Post by TrollFromDownBelow » Thu Oct 29, 2015 11:33 am

She runs great, good power, not over heating, however......

Why I feel the need to refresh:
- oil consumption is kinda high .... about a quart every 250-300 miles if I am freeway flying. running 20w50 dino.
- think an oil galley plug is weeping.....will get a spot of oil underneath the engine after extended (over an hour) of highway driving
- Now the worst part...I have happy valves; check 'em every 2-3k miles and they are all just a tinch looser than spec...just the way i would expect. However, I have a broken stud boss on the left bank (and ergo a noisy exhaust leak) and helicoil on the right bank that has a death grip on the spark plug which I've put about 15k miles on. Therefore, the heads are toast.

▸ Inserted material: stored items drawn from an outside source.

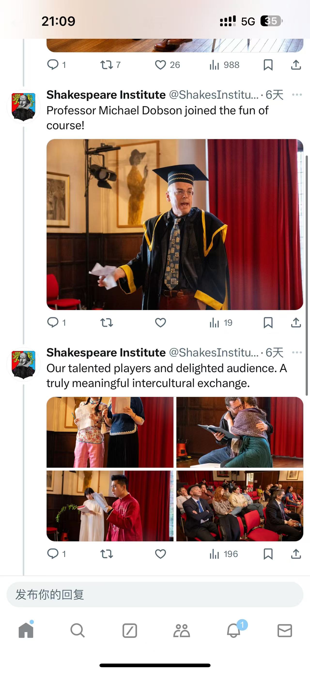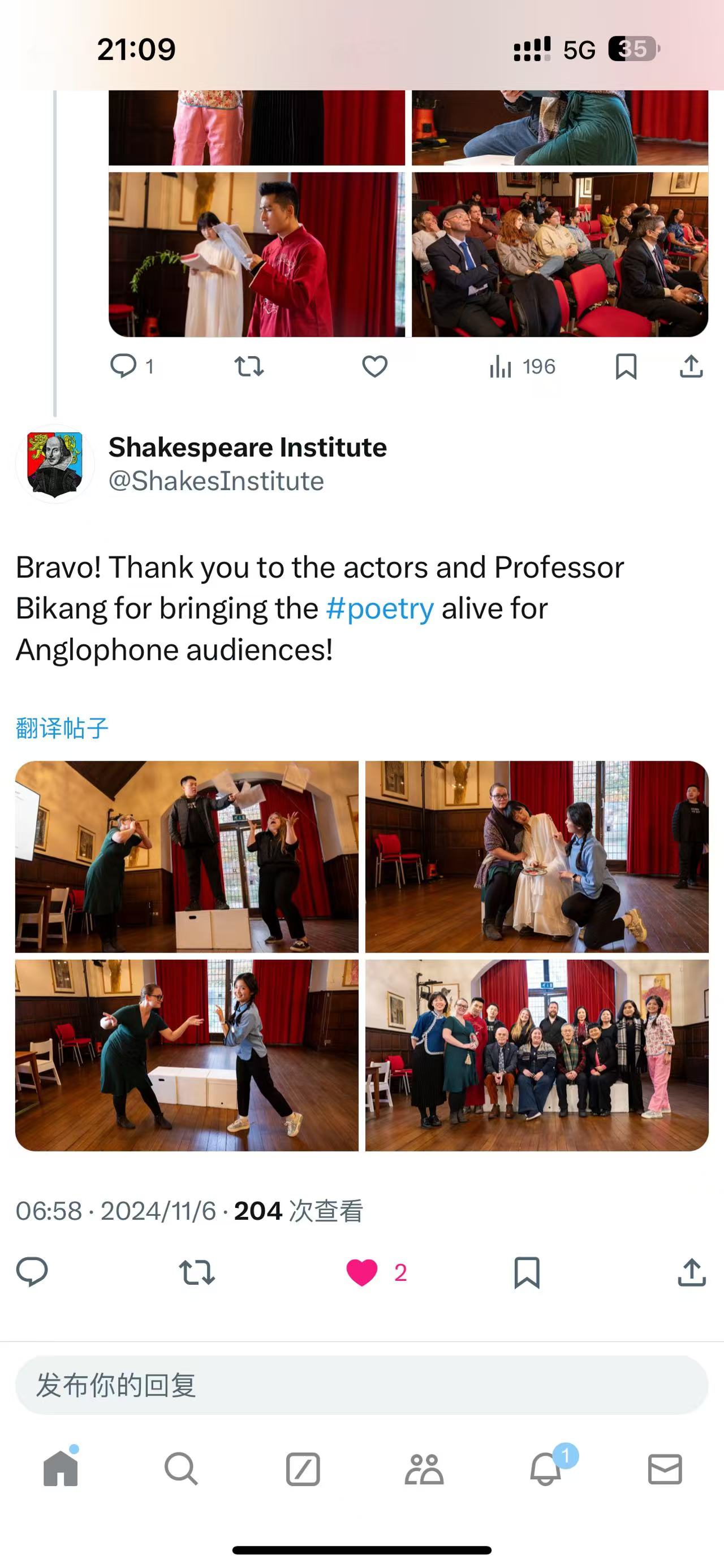 为了响应当今提倡文化交流、文明互鉴,向世界讲好中国故事的文化战略,星空体育入口_星空(中国)体育网英语系教授、中国外国文学学会莎士比亚研究分会会长黄必康老师,国际莎学大会学术咨询委员会委员、南京大学莎士比亚研究中心主任从丛教授于2024年11月2日至7日共同带领中国高校师生戏剧演出团队远赴莎士比亚的故乡斯特拉福,成功演出了一场时长80分钟的五幕英语诗剧《牡丹亭里的梦幻爱情》,受到参与观看的英国观众的盛赞。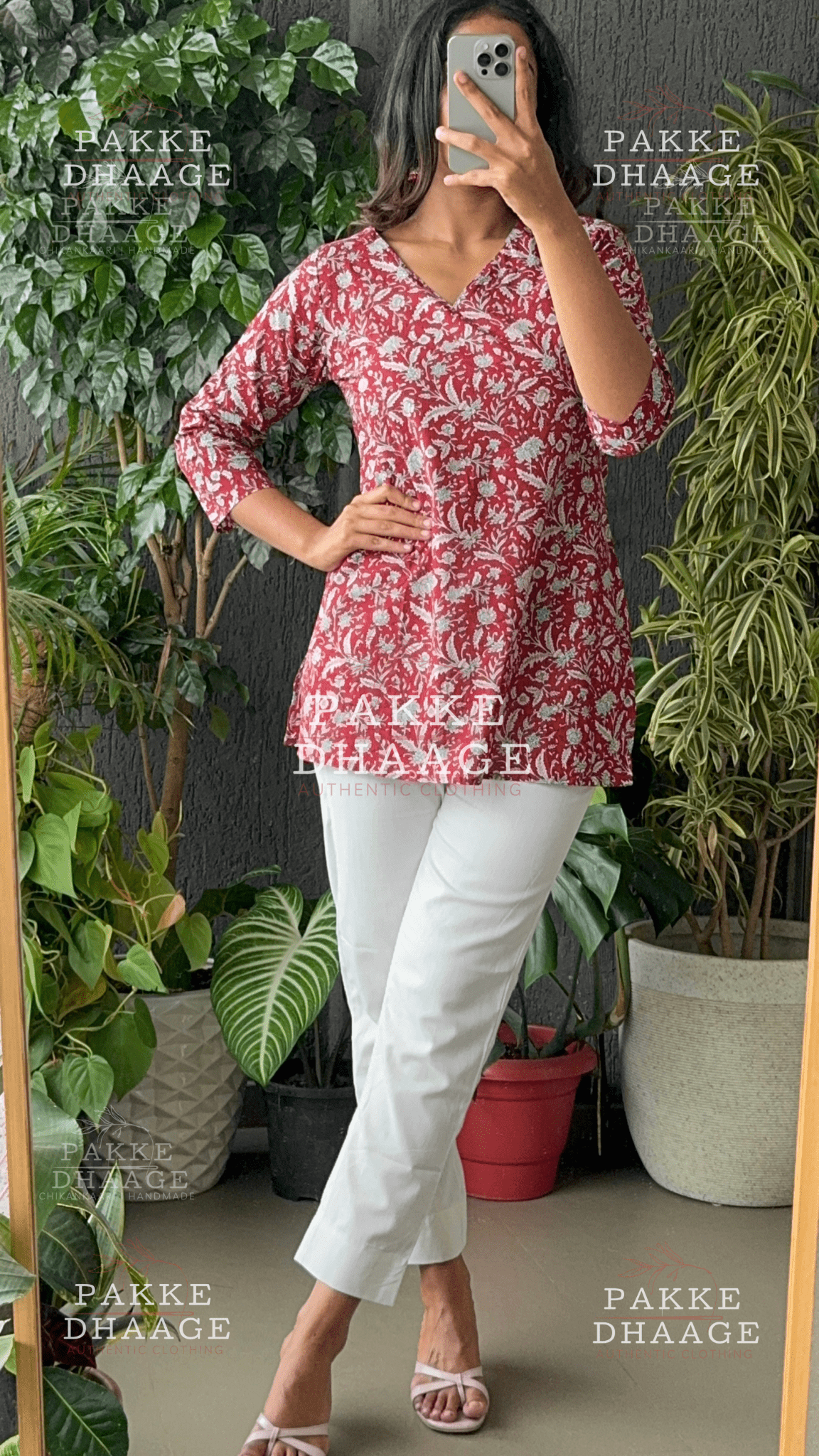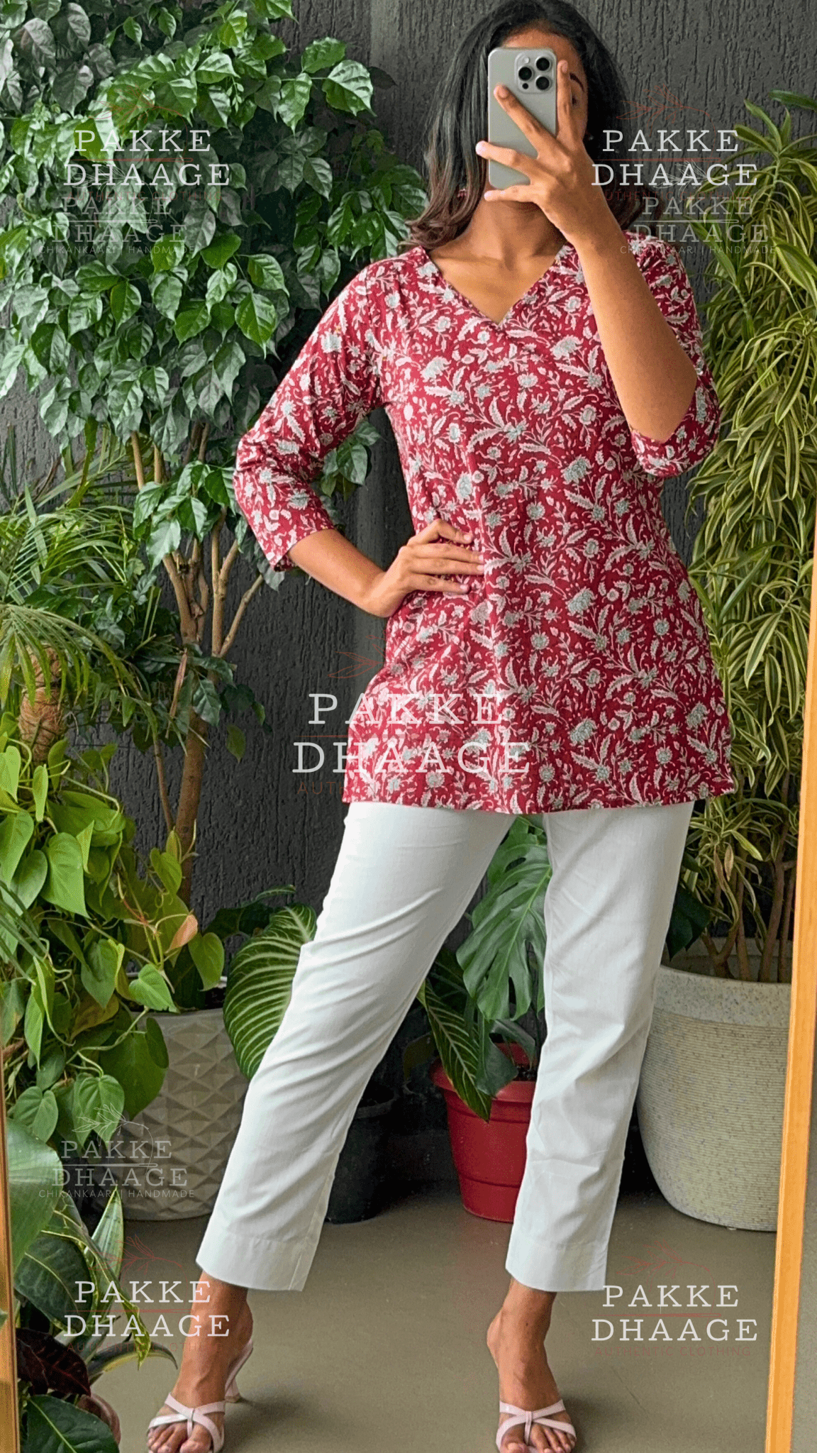 Pakke Dhaage Print Poetry Short Kurti Collection, designed for casual comfort wearing. Stylish and trendy prints go with pants & jeans - and work in both office and casual settings.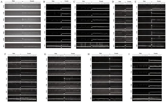 Initial (A) and population validation (B–I) of seven pairs of female-specific primers in adult P. sinensis using the PCR/gel electrophoresis assay. Plates (B–I) represent the populations from Weishanhu, Nanning, Changde, Lianyungang, Tangshan, Jingzhou, Huizhou, and Huzhou, respectively. M, DL 2000 DNA marker.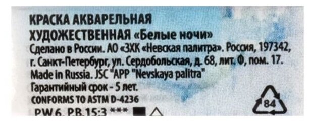 Завод художественных красок «Невская палитра» Акварель художественная "Белые ночи", 2.5 мл, лазурная мгла, в кювете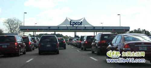 由于Disney 的四个主题公园基本上是在一块,我们连走了三天的相同线路,到了第五天早已驾轻就熟,上午10点左右,我们很容易就找到了Epcot。远远看到Epcot 的收停车费的大门,一下子感到象是即将进入未来世界。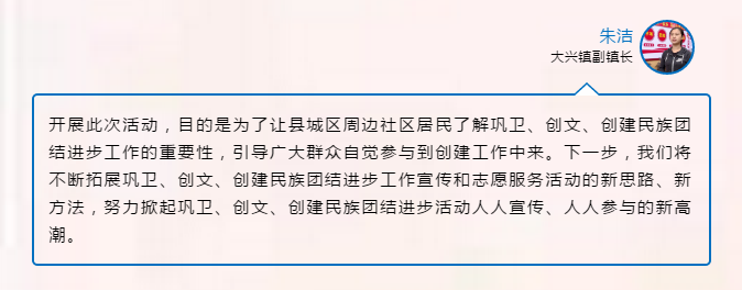6月9日,由县七个专项行动办、文明办、民族团结进步创建办主办,县妇联、总工会、团县委、大兴镇联合开展了“建党百年 志愿同行——巩卫、创文、创民族团结进步进村社”志愿服务活动,进一步营造“创建工作人人宣传、人人参与”的浓厚氛围,促进巩卫、创文、创民族团结进步工作不断发展。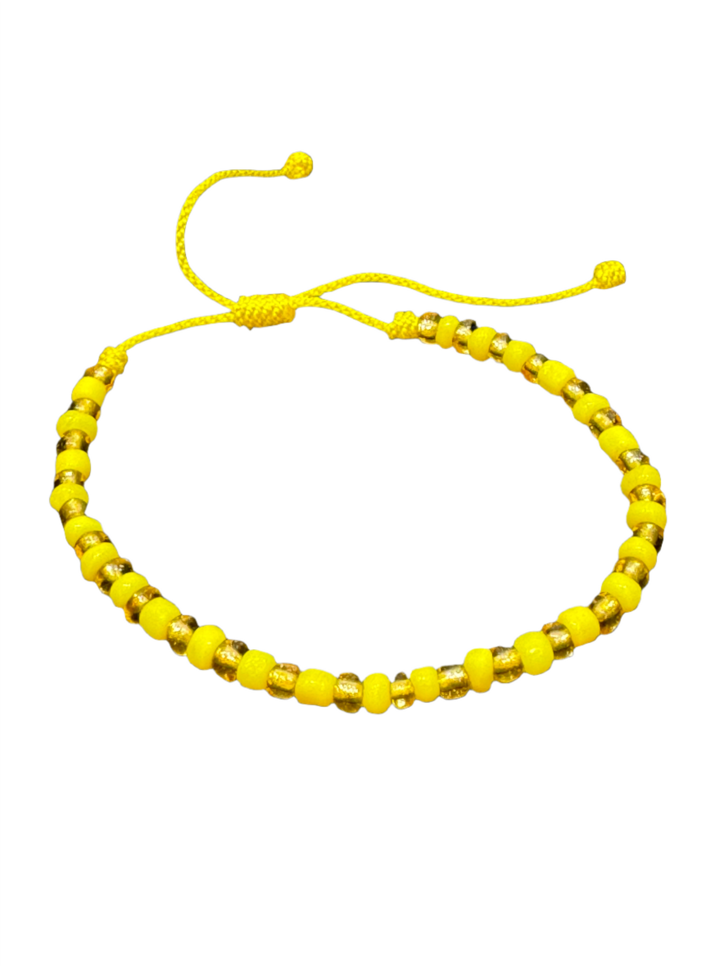 Orisha Ochun Beaded Bracelet Gold and Yellow Oshun Pull Tie String Bracelet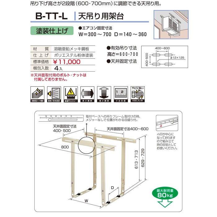 バクマ工業 B-TT-L エアコン室外ユニット用据付架台 天吊り用 塗装仕上げ 【取寄商品】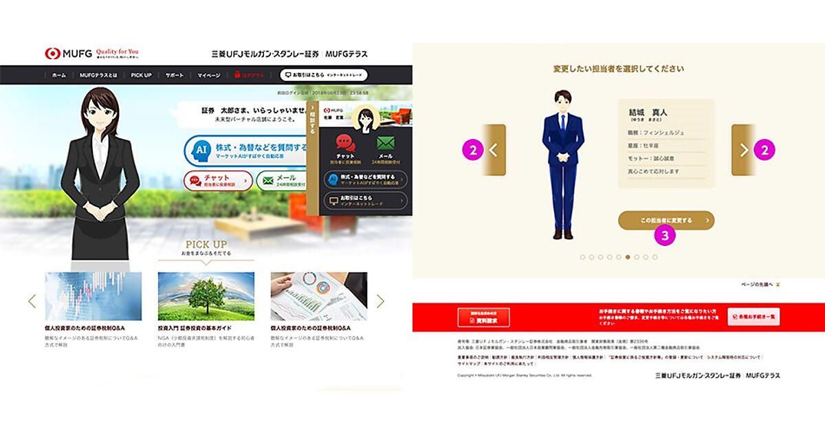 三菱UFJモルガン・スタンレー証券が、このサービスを使ったバーチャル支店「MUFGテラスサイト」を同日開設。顧客が投資相談すると、バーチャル担当者「フィンシェルジュ」が実店舗で答えるように接客する。人工知能(AI)が回答する無人チャットでの株価情報や、専門家による有人チャットの投資相談などでスタートした。

Why I am hesitant to do a full-blown engine rebuild:
- Did I mention it runs really well?
- last time Colin checked about 6k miles ago, end play was in spec, and consensus is the case has never been split.
- yes, there is the budget thing....with a daughter in college, I don't have the $2k-$3k to spend on quality parts. I have about $1k to play with.
- net/net: Hate to mess with a good thing: so want to be as minimally invasive as possible but still fix most of the issues without breaking the bank.

Goals of the refresh:
- securely hookup exhaust without leaks
- adjust end play correctly (want to keep the bottom end as tight as possible for as long as possible)
- fix oil galley plug weep
- be able to replace all four spark plugs
- slow down oil consumption
- piece of mind that exhaust system won't fall off
- solid, reliable engine for the next 15k-30k miles when I can afford a complete rebuild.
- like some piece of mind that the engine is reliable enough to drive 400 miles up north and back to do some camping

Plan of attack:
- Bus Boy rebuilt heads ~ $600. They have a 12k mile warranty, and figure i will have good cores to have a competent rebuilder to start with as both my heads are not rebuild-able.
- New rings ~ $100
- Reset end play
- fix galley plug weep

Leaves me about $300 left for miscellany. Not enough for good pistons and jugs, and to be frank, am concerned that a completely rebuilt top end would put too much stress on the bottom end and make it wear out quicker. last time I checked compression on the three cylinders that i could check they were all in the 110-115 lb range so appears that they should have a decent amount of life left.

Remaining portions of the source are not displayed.